REVIEW: Swimming Pool (François Ozon, 2003)

When Sarah Morton (Charlotte Rampling,) famed author of harlequin detective novels, takes a solitary retreat from her London home to her publisher's palatial French country estate, she expects peace and quiet to work on her next big seller. She does not expect to meet her publisher's daughter, Julie (Ludivine Sagnier,) who is fed up with work and comes to the estate to satiate her appetite for easy times and promiscuous sex. Francois Ozon directs the multi-generational in this beautifully haunting loom of the creative process and our underlying desire for vice.

From the instant the opening credits began their delicate crawl, I was a leaf in Swimming Pool's breeze. The characters, uniquely developed under Ozon's careful eye, display a reality uncommon to other cinematic figures. Nearly every line of dialogue, every attitude and expression hints at a deeper intricacy - the subtle connections between things that may seem entirely parallel. Through these subtleties the most interesting aspects of the film arise.
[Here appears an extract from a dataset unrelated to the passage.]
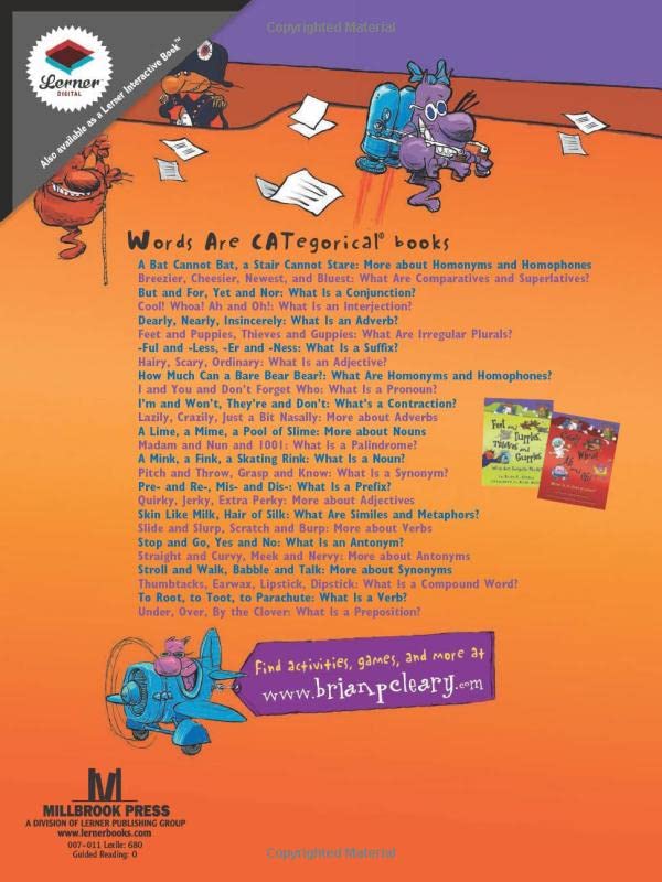 Do you think there’s no more to know about homonyms and homophones? This book will prove you wrong! With dozens of laughs per second, the value of the lesson doesn’t lessen the second time around. Brian P. Cleary’s playful rhymes and Martin Goneau’s humorous illustrations creatively present fresh examples of homonyms and homophones for young readers. For easy identification, each pair of homonyms or homophones appears in color, and the comical cats help bring each idea to the fore. A Bat Cannot Bat, a Stair Cannot Stare: More about Homonyms and Homophones turns traditional grammar lessons on end! Read and reread this book aloud and delight in the sense–and nonsense–of words.

I continued to be swept away into the film's world. Its variegated self-reflective nature and patient, almost Kubrick-esque cinematography kept me willingly in close attention. Rampling and Sagnier are unquestioned in their performances - they are Sarah and Julie and no one else. They lock and disjoint from one another as a shattered mirror being pieced together. We immediately connect with them in different fashions, and in allowing ourselves to set aside the penchant for nobility in cinematic portraits, the connection penetrates deeper levels.